Saved data entries
==============================

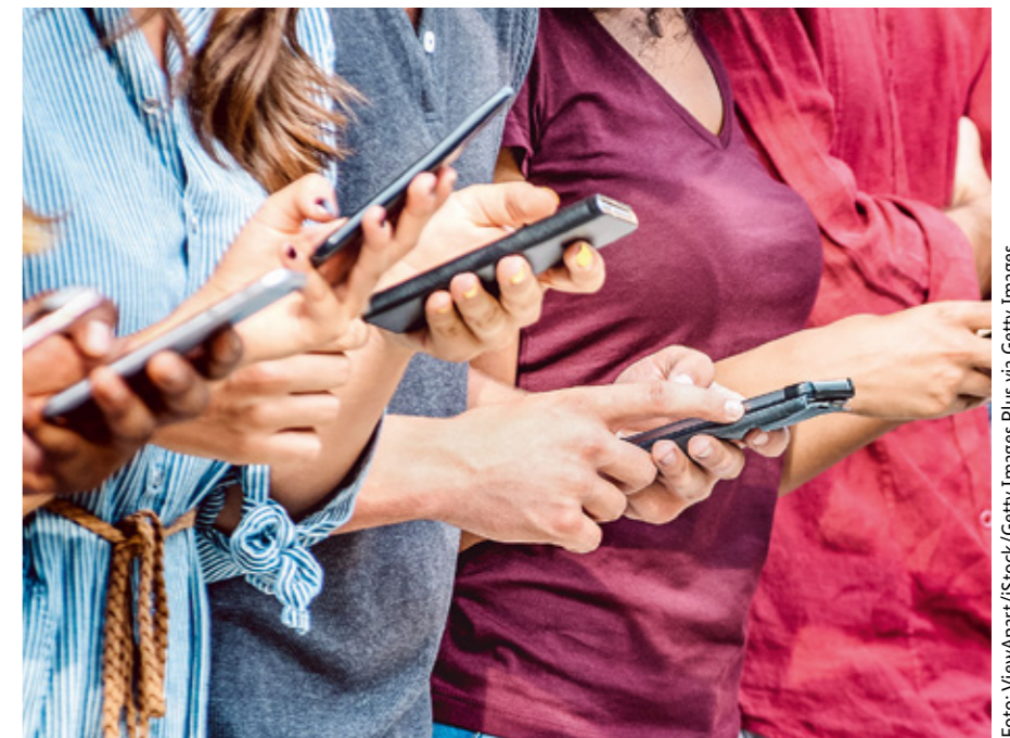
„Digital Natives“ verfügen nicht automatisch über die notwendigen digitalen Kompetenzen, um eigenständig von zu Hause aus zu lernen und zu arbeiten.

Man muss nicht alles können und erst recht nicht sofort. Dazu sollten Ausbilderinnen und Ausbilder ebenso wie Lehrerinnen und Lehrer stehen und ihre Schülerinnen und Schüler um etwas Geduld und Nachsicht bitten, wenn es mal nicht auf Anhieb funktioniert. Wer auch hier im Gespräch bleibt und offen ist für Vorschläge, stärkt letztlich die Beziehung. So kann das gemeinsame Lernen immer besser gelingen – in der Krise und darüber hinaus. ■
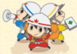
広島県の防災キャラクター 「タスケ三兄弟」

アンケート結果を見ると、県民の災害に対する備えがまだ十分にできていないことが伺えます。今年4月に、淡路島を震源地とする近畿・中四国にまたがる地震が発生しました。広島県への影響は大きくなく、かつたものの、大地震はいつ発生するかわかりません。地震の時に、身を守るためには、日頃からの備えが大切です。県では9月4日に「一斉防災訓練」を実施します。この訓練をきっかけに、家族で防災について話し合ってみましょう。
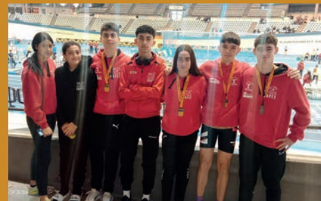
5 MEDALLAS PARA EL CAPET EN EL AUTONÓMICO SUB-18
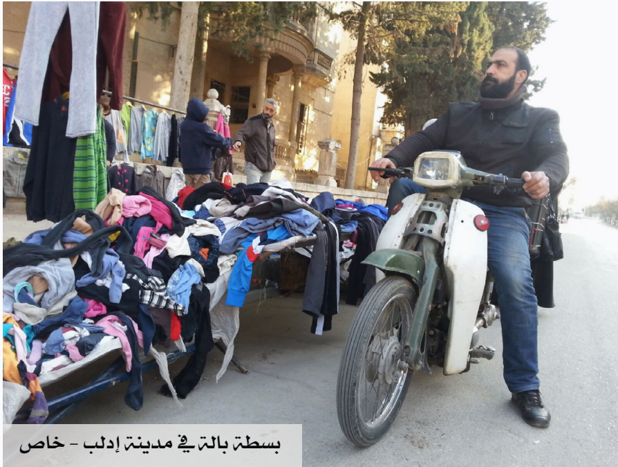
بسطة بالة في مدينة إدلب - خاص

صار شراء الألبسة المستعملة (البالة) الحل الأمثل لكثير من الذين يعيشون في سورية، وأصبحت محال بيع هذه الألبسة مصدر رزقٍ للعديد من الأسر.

==============================

## What is expected:
In the copy, leave out the pictures and restate the records exactly.

## Result:
„Digital Natives“ verfügen nicht automatisch über die notwendigen digitalen Kompetenzen, um eigenständig von zu Hause aus zu lernen und zu arbeiten.

Man muss nicht alles können und erst recht nicht sofort. Dazu sollten Ausbilderinnen und Ausbilder ebenso wie Lehrerinnen und Lehrer stehen und ihre Schülerinnen und Schüler um etwas Geduld und Nachsicht bitten, wenn es mal nicht auf Anhieb funktioniert. Wer auch hier im Gespräch bleibt und offen ist für Vorschläge, stärkt letztlich die Beziehung. So kann das gemeinsame Lernen immer besser gelingen – in der Krise und darüber hinaus. ■
広島県の防災キャラクター 「タスケ三兄弟」

アンケート結果を見ると、県民の災害に対する備えがまだ十分にできていないことが伺えます。今年4月に、淡路島を震源地とする近畿・中四国にまたがる地震が発生しました。広島県への影響は大きくなく、かつたものの、大地震はいつ発生するかわかりません。地震の時に、身を守るためには、日頃からの備えが大切です。県では9月4日に「一斉防災訓練」を実施します。この訓練をきっかけに、家族で防災について話し合ってみましょう。
5 MEDALLAS PARA EL CAPET EN EL AUTONÓMICO SUB-18
بسطة بالة في مدينة إدلب - خاص

صار شراء الألبسة المستعملة (البالة) الحل الأمثل لكثير من الذين يعيشون في سورية، وأصبحت محال بيع هذه الألبسة مصدر رزقٍ للعديد من الأسر.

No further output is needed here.